Of course.  Those four negative impacts still stand.

>   I do not think so.  I also believe that this shows that it is an unsafe
>   practice to say that something cannot be done within the framework of C
>   and the C preprocessor. 

Again, who said _that_?  Not me!  That there are *better* ways to do some
things than using the C preprocessor, who can challenge that?  The only
question is, _which_ tasks?  Given that I said I would like to share
message files between several programming languages, using a facility
peculiar to one of them (there is no guarantee that /usr/lib/cpp will be
available nor anything like it) would be rather silly, wouldn't it?

A serious problem concerned with "the need to make the texts we write for
the tools that count work with more than one tongue of men" (otherwise
known as "internationalisation" if you have no fear of words that have
more than one sound in them) is that C formats don't quite work.  One
common problem is that different languages put phrases in different orders.
The X/Open answer to that is to have an extra piece of information in
%format controls, saying which argument to use.  I presume that the ANSI C
committee considered that, and didn't include it because it basically needs
pointers and integers to be the same size.

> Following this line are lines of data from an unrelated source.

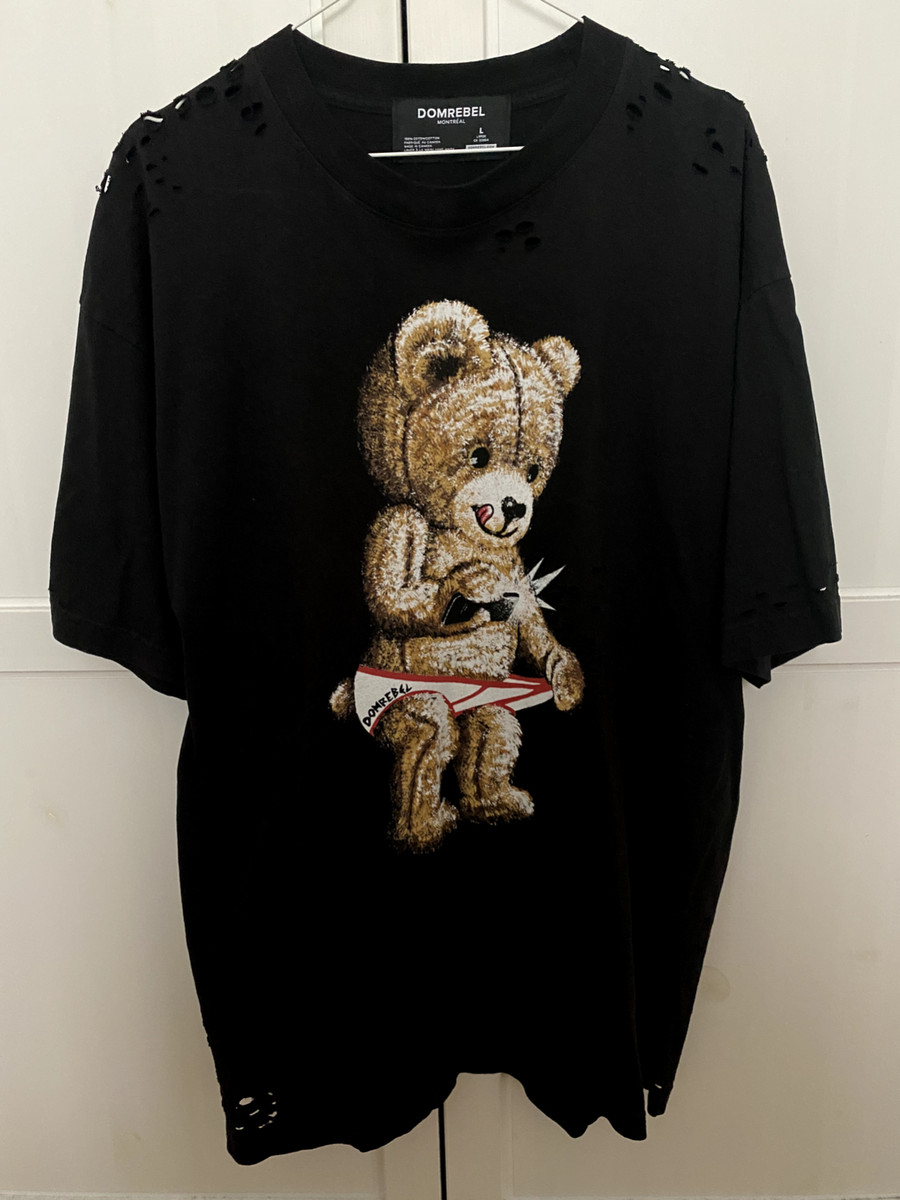 Questo T-shirt di seconda mano unico presenta un design ispirato al teddy con buchi intenzionali per un look ribelle e audace. Realizzato con materiali sconosciuti, è un pezzo forte che promuove la sostenibilità attraverso il riutilizzo. Indossalo per uscite casual o per aggiungere un tocco audace al tuo guardaroba.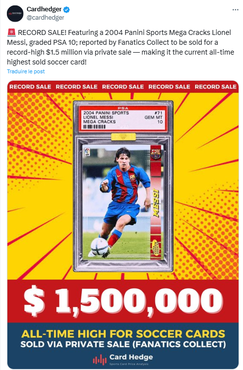 Une carte Panini 2004‑05 Mega Cracks de Lionel Messi a été vendue 1,5 million de dollars (≈ 1,28 million d’euros), établissant le nouveau record pour une carte de football.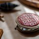 日本绣线,棉麻布料,压花金色按压式随身镜(二边镜)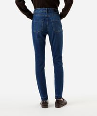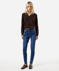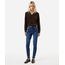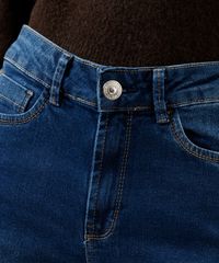 Calça feminina confeccionada em jeans com elasticidade. A peça tem a modelagem skinny, com construção afunilada, caimento ajustado ao corpo e barras a fio. O modelo tem cintura alta, cós com passantes e fechamento por botão e zíper. Possui três bolsos na parte frontal e dois aplicados na na parte posterior. Detalhe de acabamento com pesponto contrastante.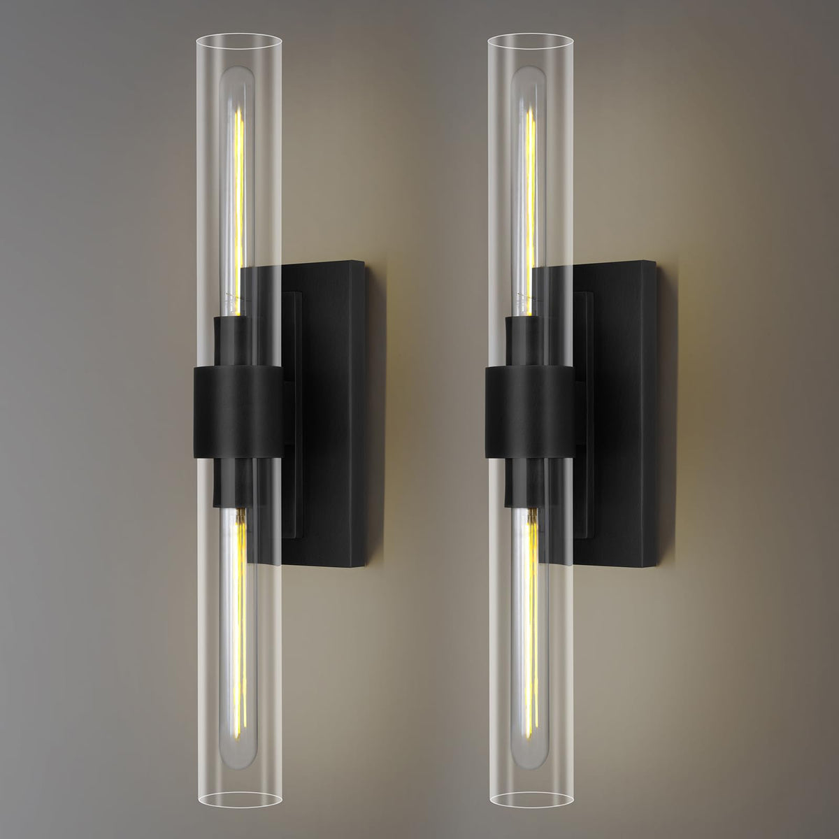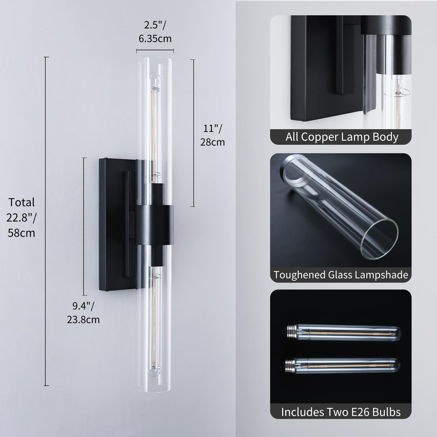 Black Wall Sconces Set Of Two, Bathroom Vanity Wall Sconces, 22.8'' Sconces Wall Lighting, 2-Light Wall Mounted Sconces, Indoor Wall Sconces For Bathroom, Living Room, Bedroom, Vanity, Staircase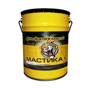 Однокомпонентная мастика, готовая к применению. Состоит из нефтяного строительного битума, резиновой крошки, минерального наполнителя, органических растворителей, пластификатора и технологических добавок.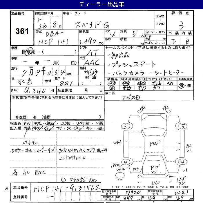 TOYOTA SPADE G - лот 361

The following suggestion is not altogether serious.  But bearing in mind
things like wanting to put phrases in different orders, and all sorts of
things one might like to let customers configure for themselves (without
having to give them *all* the sources), it might not be as crazy as it
sounds.
	How about using TCL (Tool Command Language) for "messages"?
TCL is a free "extension language" which somewhat resembles the Unix
shells, and is set up to be a *small* library that can be linked into C
code.  When one wants to report an event, one could format the arguments
of that event into strings, fetch a TCL command from a file, and execute
that TCL command.  It was intended to customise input to things like the
editor "mx", but there's no reason it couldn't be used to customise *output*.
As I say, not altogether serious.

-- 
The taxonomy of Pleistocene equids is in a state of confusion.